Admin authentication layer: Determines how administrators accessing Edge SWG (ProxySG) Appliance must authenticate. This is not to be confused with the Web Authentication, Admin Authentication is only used for authenticating to the Edge SWG (ProxySG) for Management purposes and not for users browsing through the proxy. A policy trace in this layer can help you see the rules that the user is matching when passing the proxy for management (in port 8082 by default).

Admin Access Layer: Determines who can access the appliance to perform administration tasks and the level of privilege they have on the device (Read or Read/Write). A policy trace might be required in this layer when there is an issue with management privileges.

Admin login banner Layer (Added in version Configure a notice and consent Banner, which appears before a user, can access the Management Console.
DNS Access Layer: The Edge SWG (ProxySG) can act as a primary or secondary DNS server for users and this layer is used to configure this feature.

SOCKS Authentication Layer: Determines the method of authentication for accessing the proxy through the SOCKS protocol. This only applies to traffic that is intercepted by the SOCKS proxy service (port 1080 by default).

SSL Intercept layer: Determines whether HTTPS traffic is decrypted or not. When facing issues with HTTPS sites, it is strongly encouraged to create a policy trace with this layer.

SSL Access layer: Determines the allow/deny actions for HTTPS traffic based on parameters located in the SSL handshake.

Web Authentication layer: Determines whether clients that are going through the proxy Web must authenticate or not.

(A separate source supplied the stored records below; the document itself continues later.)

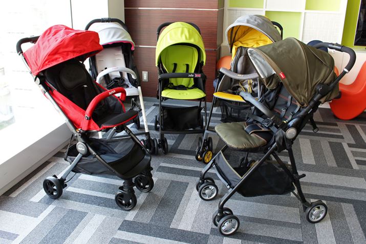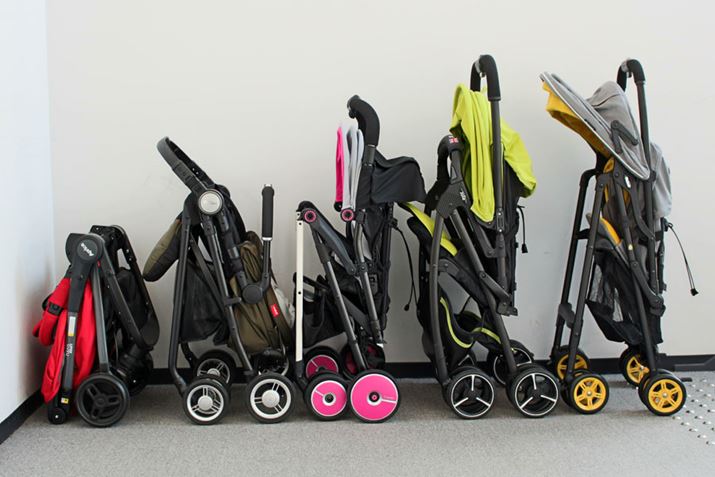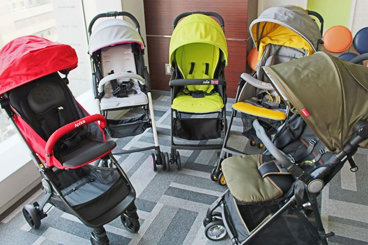 ここからは、選定した注目のAB型ベビーカー5台を、実際に押したり持ち上げたりしながら、それぞれの特徴をチェックしてみましょう。5製品とも、片手で折りたたむことができ、自立もするタイプとなっています。なお、今回の検証ではベビーカーに赤ちゃんを載せたまま持ち上げて階段を上るなど、メーカーが推奨していないような使い方もしていますが、実生活ではこのような使い方をしている人は多く、そのあたりの使用感も知りたいという声が多いので、リアルな使い方を優先して調査しました。
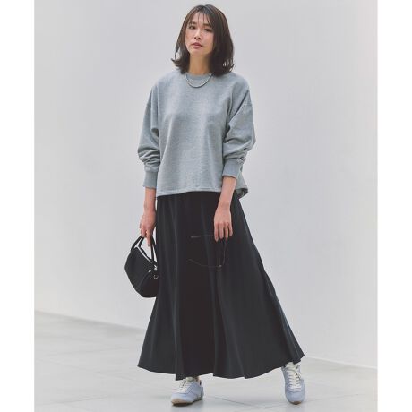 ■デザイン程よい落ち感が上品なギャザーロングスカート。裾に向かって広がるフレアシルエットに、ウエストゴムでリラックスしたはき心地が魅力です。ウエスト内側にドロスト紐が付いているので、フィット感を調整可能。スウェットやニット、ジャケットまで、テイストを選ばず着回しが効くアイテムです。
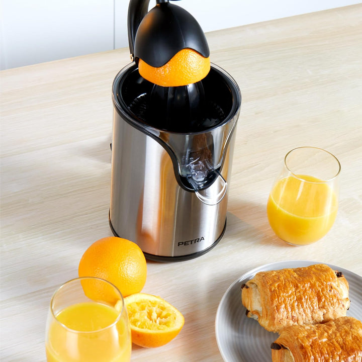 - ANTI-TROPF: Breite Plastikspout zum tropffreien Entsaften.
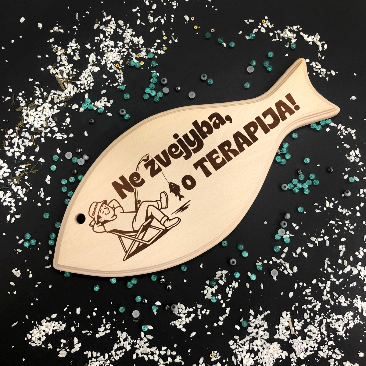 XL graviruota medinė žuvytės formos pjaustymo lentelė "Žvejyba-terapija"
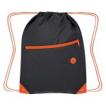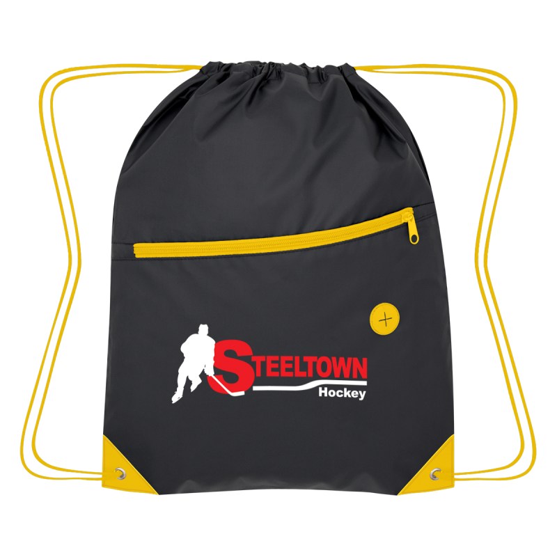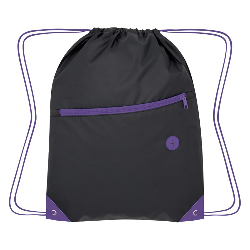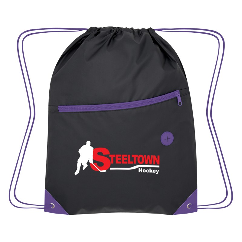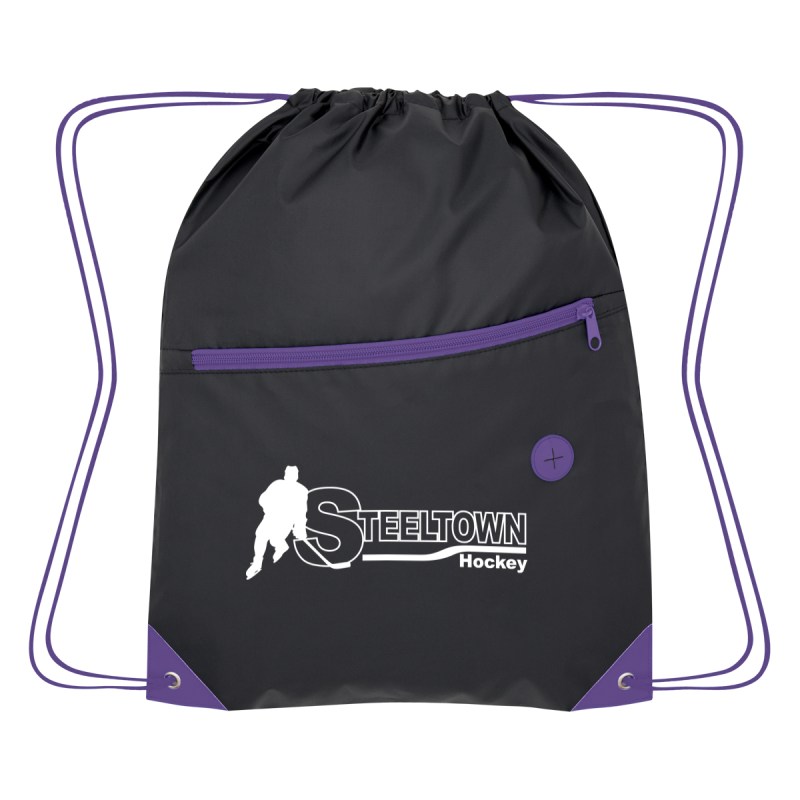 Made Of 210D Polyester. Large Front Zippered Pocket. Built-In Slot For Earbuds. Reinforced Eyelets. Drawstring Closure. Spot Clean/Air Dry. Complies with Prop 65. 13.5″ W x 17.75″ H
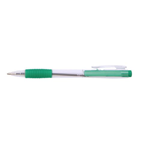 Penna a sfera a scatto. Punta 0,7 mm, retrattile con ricarica. Involucro appositamente progettato ed ergonomico. Impugnatura in gomma per una scrittura confortevole. Involucro trasparente per controllare il grado di consumo di inchiostro. Inchiostro impermeabile. Tratto 0,5 mm. Colore verde.

Web Access Layer:  Determines what clients can and cannot access on the Web and Specifies any restrictions that apply to HTTP traffic and decrypted HTTPS traffic.

Web Content Layer: Determines caching behavior, such as verification and Content Analysis redirection.

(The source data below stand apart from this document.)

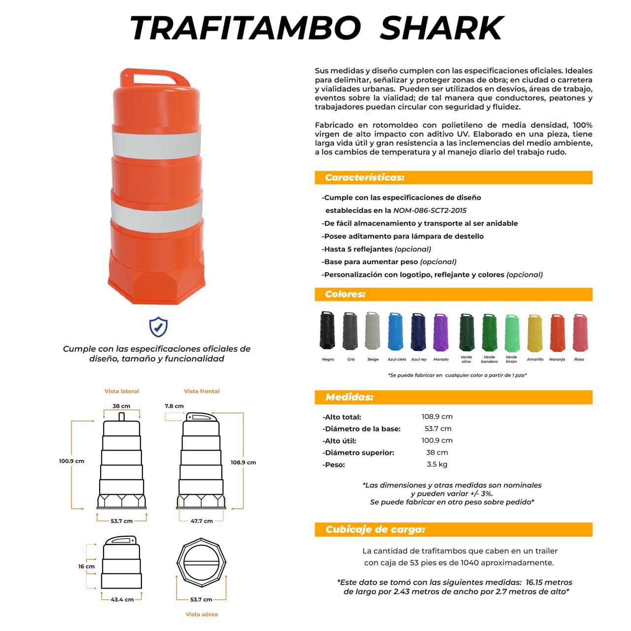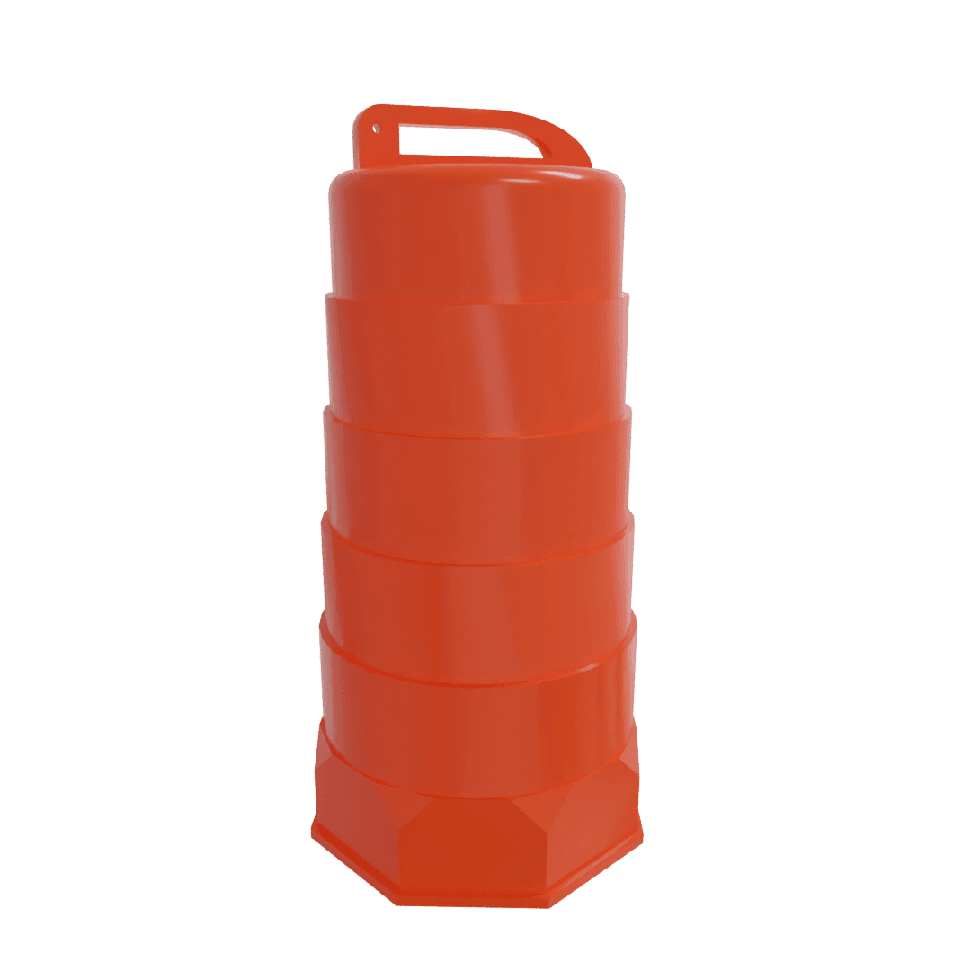 Descripción: Fabricado en polietileno de media densidad, 100% virgen y con aditivo U.V. Elaborado en una sola pieza, tiene larga vida útil y es de gran resistencia a las inclemencias del medio ambiente, a los cambios de temperatura y al manejo diario del trabajo rudo. Fácil manejo, gracias al asa que forma parte de la pieza, diseñada para la colocación de lámparas viales. De fácil almacenamiento y transporte al ser apilable. Sin reflejante. Color: Naranja. Medidas: Altura: 108.7 cm. Diámetro superior: 38.5 cm. Diámetro inferior: 53.7 cm. Peso: 3.5 Kg.
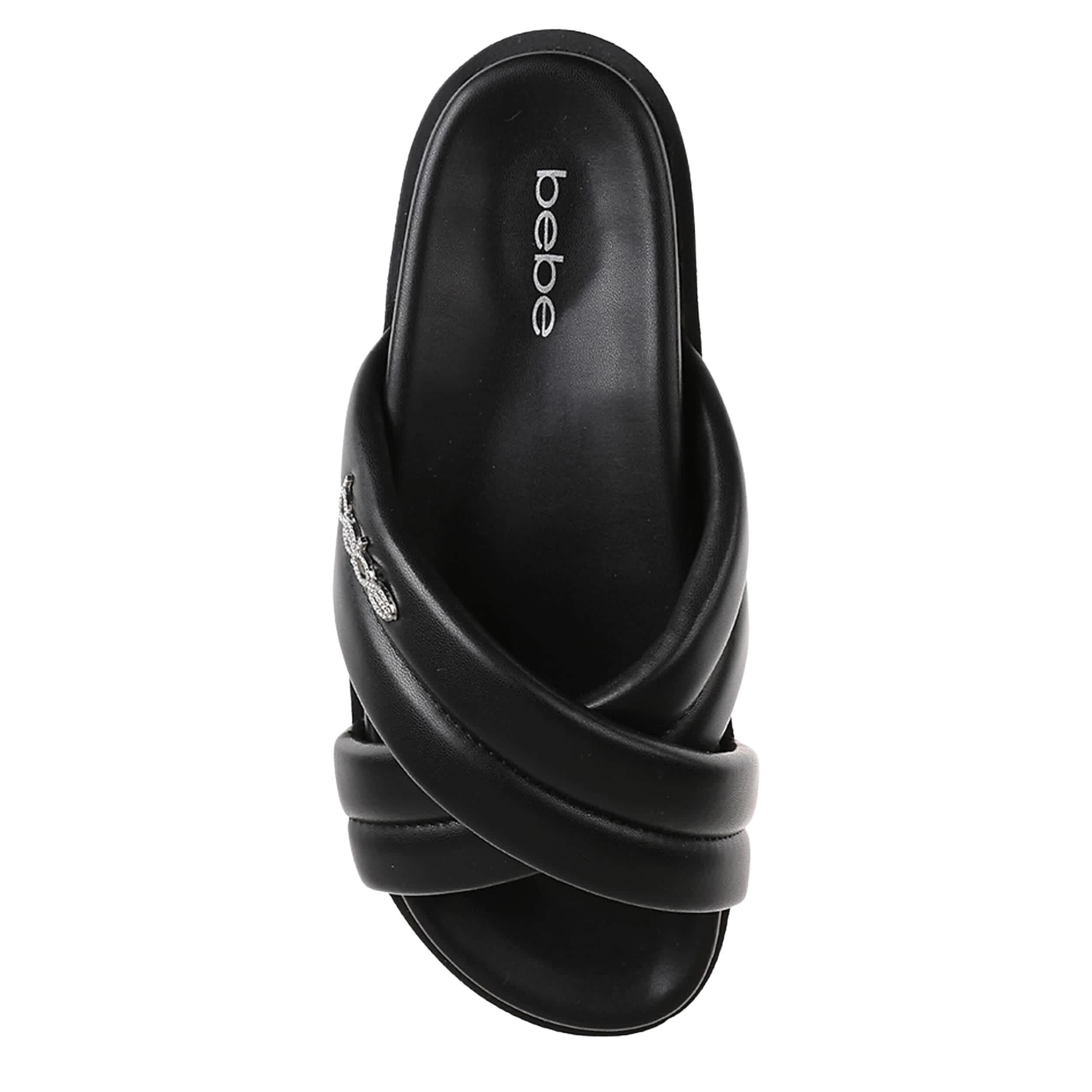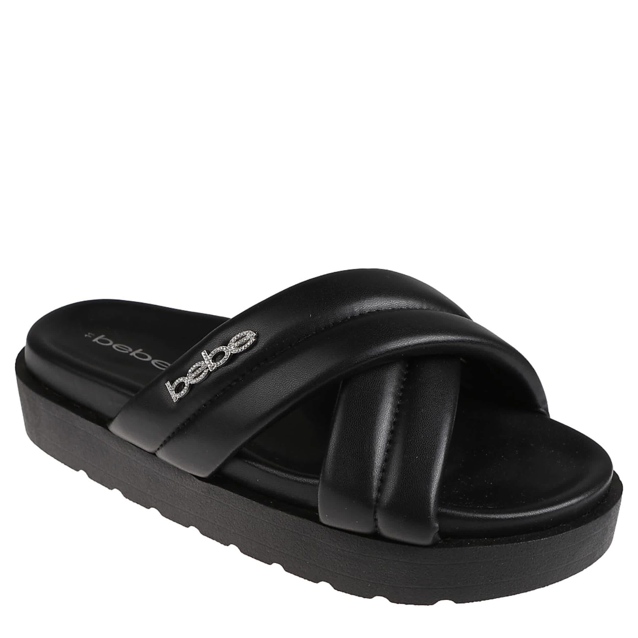 Wrap your feet in stylish comfort with the bebe Angelina sandal. Featuring a faux leather upper with puffy straps for fashionable support, this sandal is athleisure sharp. The plush footbed cradles your foot, while the platform sole adds just enough lift.
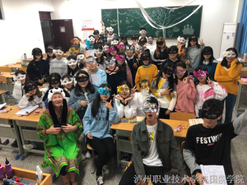 此次活动由班委带头、班级同学自发组织,绘制万圣节主题板报,布置万圣节主题场景,每位同学头戴不同面具,也为外教Connie精心准备了特别的礼物。在Connie的课堂上,大家都感受到了在“学中玩”和在“玩中学”的意义,提高了同学们对英语专业的信心,也增强了师生之间的情谊。

Web Request Layer: Determines if a transaction is denied at the request stage without accessing the origin server.

Forwarding Layer: Determines forwarding hosts and methods.

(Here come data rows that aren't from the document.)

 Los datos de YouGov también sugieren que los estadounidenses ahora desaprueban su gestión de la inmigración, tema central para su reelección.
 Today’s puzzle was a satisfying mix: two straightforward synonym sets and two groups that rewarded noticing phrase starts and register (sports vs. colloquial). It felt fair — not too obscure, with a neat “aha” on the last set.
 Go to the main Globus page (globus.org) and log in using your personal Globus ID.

CPL layer: Allows you to compose Content Policy Language directly into the VPM. This CPL code can also be installed in other Policy Files such as the Local or Central policy files.

Policy Tracing and layer coverage:

The objective of a policy trace is to keep track of the traffic that goes through the proxy. For more information on how to create and read a policy trace, refer to article Use policy tracing to debug access denied errors or website accessibility issues

The traffic that gets tracked depends on the layer where the track object is created, and this is not as intuitive as it may seem. For example, when we create a Track object in a Web Access Layer, apart from Web Access traffic, the trace will also contain the rules that are located in the following layers:

-Web Authentication
-Web Content
-Web Request
-SSL Access
-SOCKS Authentication
-CPL Layers (including the ones in other Policy Files)

It’s important to note that SSL Interception rules can only be tracked by creating a track object in an SSL Interception Layer. The same applies to the rest of layers (such as Admin authentication or Admin Access layers).